**Your goal**
Print every entry word for word, but omit the pictures.

[Dataset entries Boundary: Start]

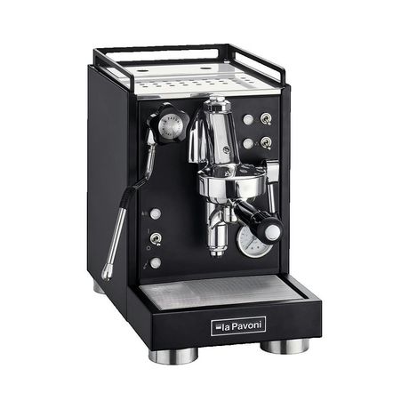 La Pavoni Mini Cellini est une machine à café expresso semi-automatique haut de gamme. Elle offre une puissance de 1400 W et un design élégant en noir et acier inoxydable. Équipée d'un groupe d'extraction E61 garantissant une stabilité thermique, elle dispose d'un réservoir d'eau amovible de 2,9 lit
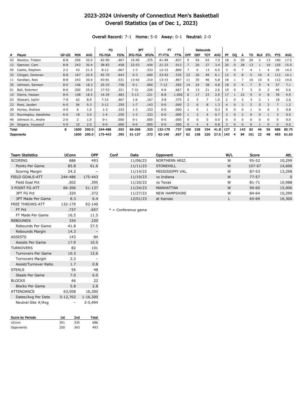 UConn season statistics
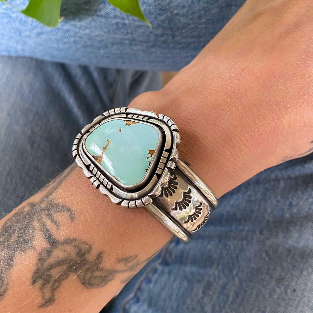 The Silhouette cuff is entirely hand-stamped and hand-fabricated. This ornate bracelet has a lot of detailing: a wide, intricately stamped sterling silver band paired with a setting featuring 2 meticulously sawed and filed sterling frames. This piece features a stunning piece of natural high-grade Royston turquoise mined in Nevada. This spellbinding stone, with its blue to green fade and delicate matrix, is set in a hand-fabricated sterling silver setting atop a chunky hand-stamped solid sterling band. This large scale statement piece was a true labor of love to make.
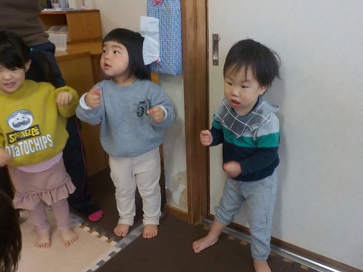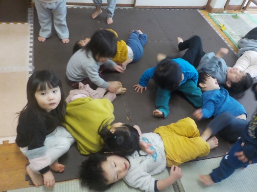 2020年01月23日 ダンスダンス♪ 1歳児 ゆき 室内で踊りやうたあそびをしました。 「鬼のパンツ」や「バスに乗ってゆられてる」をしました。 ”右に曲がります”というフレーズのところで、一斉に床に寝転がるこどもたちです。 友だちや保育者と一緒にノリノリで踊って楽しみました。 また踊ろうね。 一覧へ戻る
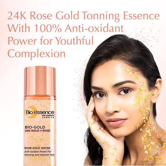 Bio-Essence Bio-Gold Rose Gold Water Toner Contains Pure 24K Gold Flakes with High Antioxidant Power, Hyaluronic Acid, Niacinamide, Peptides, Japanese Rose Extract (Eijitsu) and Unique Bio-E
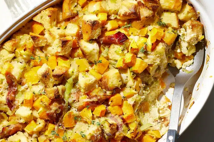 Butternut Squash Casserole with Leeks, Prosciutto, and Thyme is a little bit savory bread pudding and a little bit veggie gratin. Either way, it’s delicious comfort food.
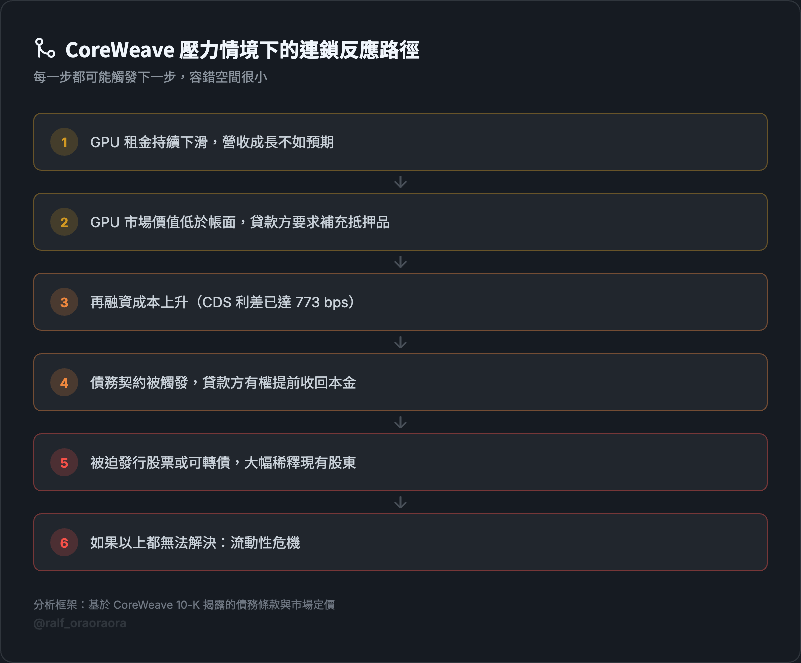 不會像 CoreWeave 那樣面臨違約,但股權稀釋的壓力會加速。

[Dataset entries Boundary: End]

**Exercise response**
 La Pavoni Mini Cellini est une machine à café expresso semi-automatique haut de gamme. Elle offre une puissance de 1400 W et un design élégant en noir et acier inoxydable. Équipée d'un groupe d'extraction E61 garantissant une stabilité thermique, elle dispose d'un réservoir d'eau amovible de 2,9 lit
 UConn season statistics
 The Silhouette cuff is entirely hand-stamped and hand-fabricated. This ornate bracelet has a lot of detailing: a wide, intricately stamped sterling silver band paired with a setting featuring 2 meticulously sawed and filed sterling frames. This piece features a stunning piece of natural high-grade Royston turquoise mined in Nevada. This spellbinding stone, with its blue to green fade and delicate matrix, is set in a hand-fabricated sterling silver setting atop a chunky hand-stamped solid sterling band. This large scale statement piece was a true labor of love to make.
 2020年01月23日 ダンスダンス♪ 1歳児 ゆき 室内で踊りやうたあそびをしました。 「鬼のパンツ」や「バスに乗ってゆられてる」をしました。 ”右に曲がります”というフレーズのところで、一斉に床に寝転がるこどもたちです。 友だちや保育者と一緒にノリノリで踊って楽しみました。 また踊ろうね。 一覧へ戻る
 Bio-Essence Bio-Gold Rose Gold Water Toner Contains Pure 24K Gold Flakes with High Antioxidant Power, Hyaluronic Acid, Niacinamide, Peptides, Japanese Rose Extract (Eijitsu) and Unique Bio-E
 Butternut Squash Casserole with Leeks, Prosciutto, and Thyme is a little bit savory bread pudding and a little bit veggie gratin. Either way, it’s delicious comfort food.
 不會像 CoreWeave 那樣面臨違約,但股權稀釋的壓力會加速。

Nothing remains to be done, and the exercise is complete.